Why has a self-service data preparation market come to be, fast on the heels of adoption of self-service BI tools, such as Tableau and Qlik? To solve a problem. With the advent of next generation BI tools and the trend towards self service Data Management and Analytics (DMA) business users manipulate the data themselves. They always have. The first question that we are always asked in a data warehouse or business intelligence project is “Can I export that to Excel?" As Big Data and Data Science have moved from buzzwords to business practices, it has become widely known that 80% of Data Analytics process involves preparing the data for use by locating, cleansing and standardizing the data. Whether this is done by a Data Scientist using Unix shell tools like sed and awk, or as an iterative process between IT and business, it is time consuming. It is also boring. IT gets caught in the dilemma of handling the increasing data preparation requests and is playing catch up.
Springbok is a self service data harmonization tool that empowers business users to find the data and guide them through the process of enriching and shaping the data without the need for deep technical skills nor dependence on outside help. Let’ s take a closer look at the capabilities Springbok brings to all users along the gradient from non-technical to quant to IT specialist.
Project springbok provides a quick and easy way to take data from one source and accurately combine them together. It provides the ability to automatically suggest data for data enrichment. Using any single file, any combination of sources, or all available data sources, Springbok suggests completion of spotty records or of an entire data set required for analysis through semantic analysis of the data. For example, if a column of data contains city names, but some records are blank, Springbok can use a Zip Code column within that file, or a Golden Record from a Master Data management System, or a third-party source, such as Dun & Bradstreet, to complete the data set.
Springbok Promotes business user collaboration by allowing business users to access correct data, to know who is the person responsible for the evolution of that data, and to understand the lineage of that data. This promotes collaboration in the enterprise through reputation building trust. Within Springbok, a user can find other users and other data sources that their peers trust and use. This is invaluable to both new employees and to old-timers being confronted by new sources of data and changing business processes.
The basic tenant of the design philosophy of Springbok is self-service from a user uploading a file to the Springbok Cloud and immediately being able to play with their data, to that same user being able to export to the Self-Service BI tool of their choice.
This feature is a major differentiator of Springbok. IT is able to have visibility and understand the evolution of a data set as well as the identity of key data influencers.
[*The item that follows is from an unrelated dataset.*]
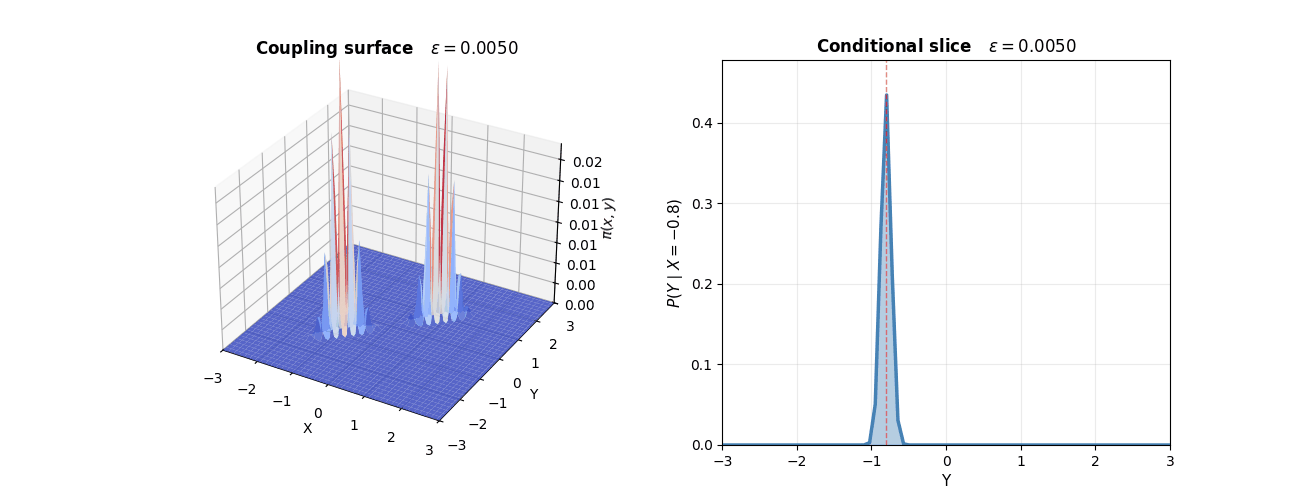 為了在所有martingale coupling中,找出一個最接近某先驗參考測度的傳輸計畫,有人把統計力學的entropic regularization搬過來套用。

This promotes collaboration between IT and their respective business partners. Permutation Management also aids in finding key external sources, shining a light into Shadow IT. Further, Springbok is a stand-alone product; however, for Informatica customers, data is easily centralized with one-click to bring the business users’ recipes into informatica Power Center for production use in the analytic environment. This last function does raise questions about configuration management, change control, and regulatory compliance. We were assured by Informatica that this is a consideration for Springbok, and again, those enterprise roots show. This capability will be the customer's choice on how they wish to use it. Regulatory compliance and traceability will be handled by exposing the Springbok logs for audits. Notice the “will be”. The one-click instantiation of a Springbok recipe as a PowerCenter transformation is on the roadmap, but not available in the current version of Springbok, which is freely available.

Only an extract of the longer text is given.